◆ SOURCE MATERIAL ◆

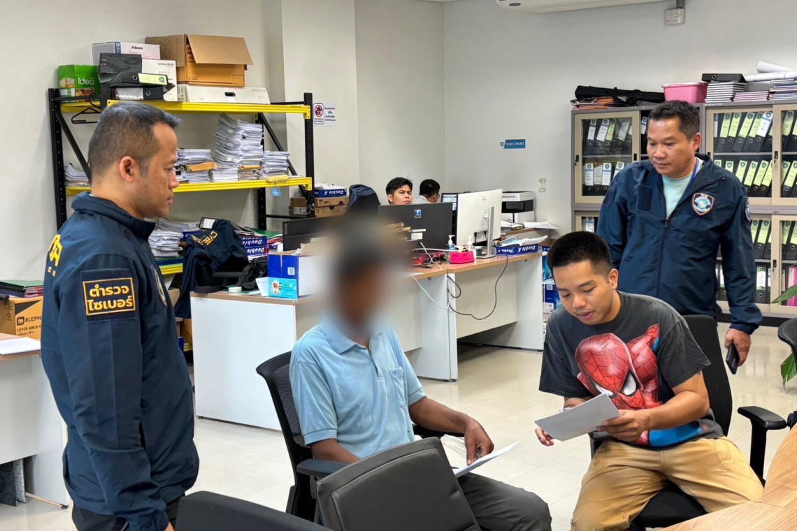 วันที่ 9 มิ.ย.68 ที่ บก.สอท.2 พล.ต.ท.ไตรรงค์ ผิวพรรณ ผบช.สอท., พล.ต.ต.อรรถสิทธิ์ สุดสงวน รอง ผบช.สอท., พล.ต.ต.วิวัฒน์ คำชำนาญ รอง ผบช.สอท., พล.ต.ต.ทินกร รังมาตย์ รอง ผบช.สอท., พล.ต.ต.ศรายุทธ จุณณวัตต์ ผบก.สอท.2, พล.ต.ต.ชัชปัณฑกาณฑ์ คล้ายคลึง ผบก.สอท.3 และ พล.ต.ต.ศิลา กาญจน์รักษ์ ผบก.ตอท. พร้อมเจ้าหน้าที่ที่เกี่ยวข้องร่วมแถลงข่าว “MONEY CASH BACK ปิดบัญชี ตามล่าม้าคว้าเงินคืน EP.9” ตำรวจไซเบอร์รวบเครือข่ายหลอกร้านรับเหมาโอนเงินมัดจำ ตามอายัดทันทั้ง 2 แสน นำคืนผู้เสียหาย
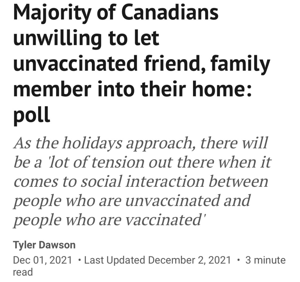 Our society is right now divided between a smaller group that is resisting taking the vaccine for all sorts of different explanations and reasons and a majority that is increasingly punishing these people for making health choices they do not agree with.
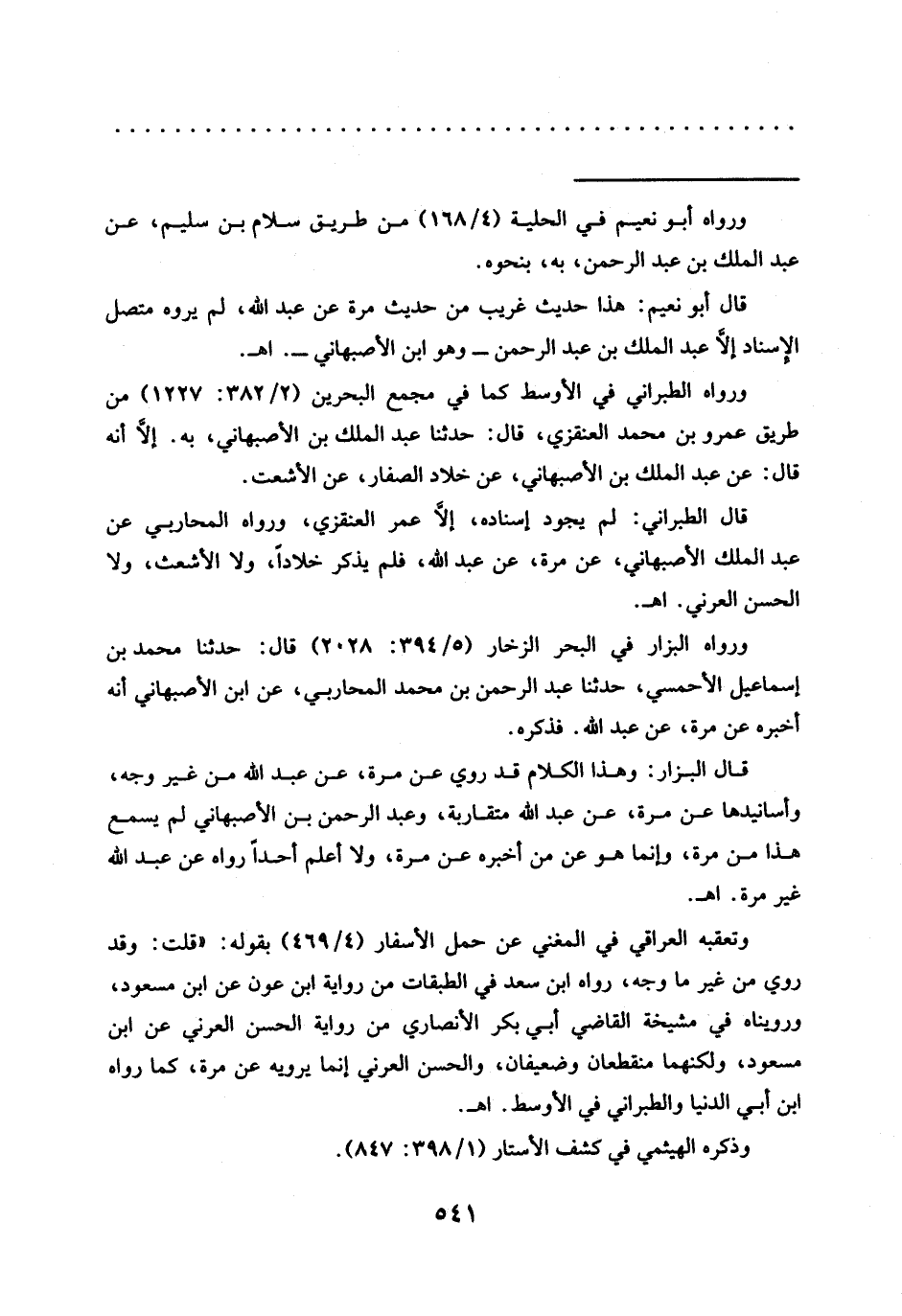 قال البزّار: وهذا الكلام قد روي عن مرة، عن عبد الله من غير وجه، وأسانيدها عن مرة، عن عبد الله متقاربة، وعبد الرحمن بن الأصبهاني لم يسمع هذا من مرة، وإنما هو عن من أخبره عن مرة، ولا أعلم أحدًا رواه عن عبد الله غير مرة. اهـ.

◆ TASK BRIEF ◆
Omit every picture, then reproduce the rest of the listing exactly.

◆ SOLUTION ◆
 วันที่ 9 มิ.ย.68 ที่ บก.สอท.2 พล.ต.ท.ไตรรงค์ ผิวพรรณ ผบช.สอท., พล.ต.ต.อรรถสิทธิ์ สุดสงวน รอง ผบช.สอท., พล.ต.ต.วิวัฒน์ คำชำนาญ รอง ผบช.สอท., พล.ต.ต.ทินกร รังมาตย์ รอง ผบช.สอท., พล.ต.ต.ศรายุทธ จุณณวัตต์ ผบก.สอท.2, พล.ต.ต.ชัชปัณฑกาณฑ์ คล้ายคลึง ผบก.สอท.3 และ พล.ต.ต.ศิลา กาญจน์รักษ์ ผบก.ตอท. พร้อมเจ้าหน้าที่ที่เกี่ยวข้องร่วมแถลงข่าว “MONEY CASH BACK ปิดบัญชี ตามล่าม้าคว้าเงินคืน EP.9” ตำรวจไซเบอร์รวบเครือข่ายหลอกร้านรับเหมาโอนเงินมัดจำ ตามอายัดทันทั้ง 2 แสน นำคืนผู้เสียหาย
 Our society is right now divided between a smaller group that is resisting taking the vaccine for all sorts of different explanations and reasons and a majority that is increasingly punishing these people for making health choices they do not agree with.
 قال البزّار: وهذا الكلام قد روي عن مرة، عن عبد الله من غير وجه، وأسانيدها عن مرة، عن عبد الله متقاربة، وعبد الرحمن بن الأصبهاني لم يسمع هذا من مرة، وإنما هو عن من أخبره عن مرة، ولا أعلم أحدًا رواه عن عبد الله غير مرة. اهـ.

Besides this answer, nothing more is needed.